Optimize low latency combine recv kernel (about 3.0x speedup) #248

fzyzcjy · 2025-06-23T14:07:21Z

EDIT: The code is ready and only needs cleanup. Since LyricZhao is too busy recently, I will do code cleanup when lyriczhao has time to merge PRs.

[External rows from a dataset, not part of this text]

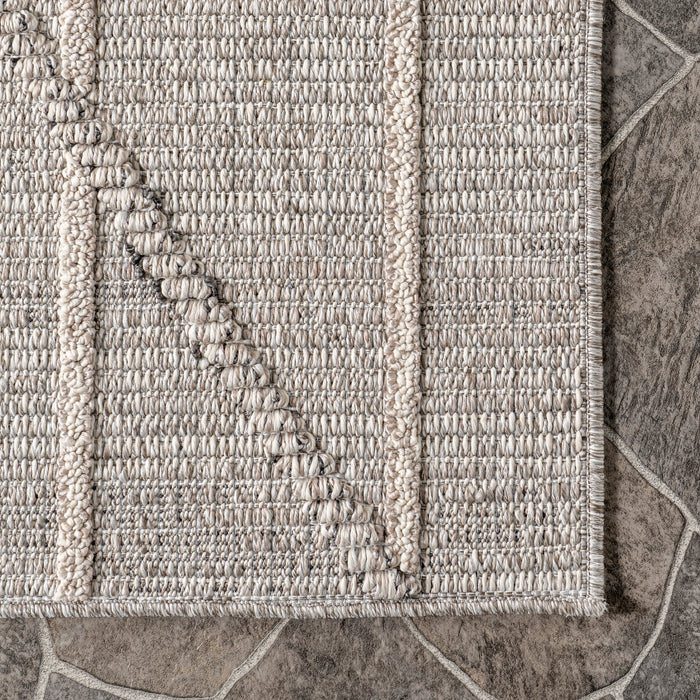 Soft color, modern design and versatility is now yours with this beautiful machine-made indoor/outdoor rug. Crafted using durable synthetic materials, this rug cushions your feet for ultimate comfort, and can create the perfect ambiance whether you decide to use these indoor or outdoor. A neutral color scheme with a high-low design makes this the ideal rug that pairs with any of your existing decor. Enjoy your time at home with our pet-friendly and easy to clean area rugs.
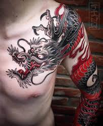 Modern dragon tattoo designs. Japanese dragon tattoos are quite popular. We have collected and brought to you some of the finest dragon tattoos you may ever encounter in your life. Some tattoos have an almost human-like face with the body of the fish while others give the fish dragon-like features.
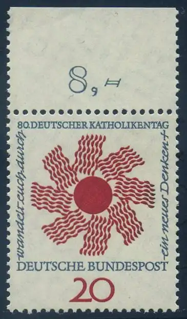 BUND 1964 Michel-Nummer 0444 postfrisch EINZELMARKE RAND oben (d)
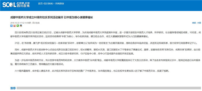 成都中医药大学成立60周年校庆系列活动展开 以中医为核心谋健康福祉
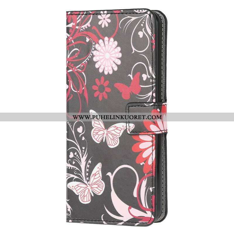 Nahkakotelo Samsung Galaxy M12 / A12 Perhosia Ja Kukkia

For reviewers: Please do not merge this PR directly, since it contains too many unrelated changes. Just ping me and I will split it into correct pieces.

Note that the code is pretty ugly messy hacky. I will cleanup code later if you think the PR looks acceptable. The real (not cleaned yet) code is only in internode_ll.cu, and this PR also contains many unrelated code on other PRs.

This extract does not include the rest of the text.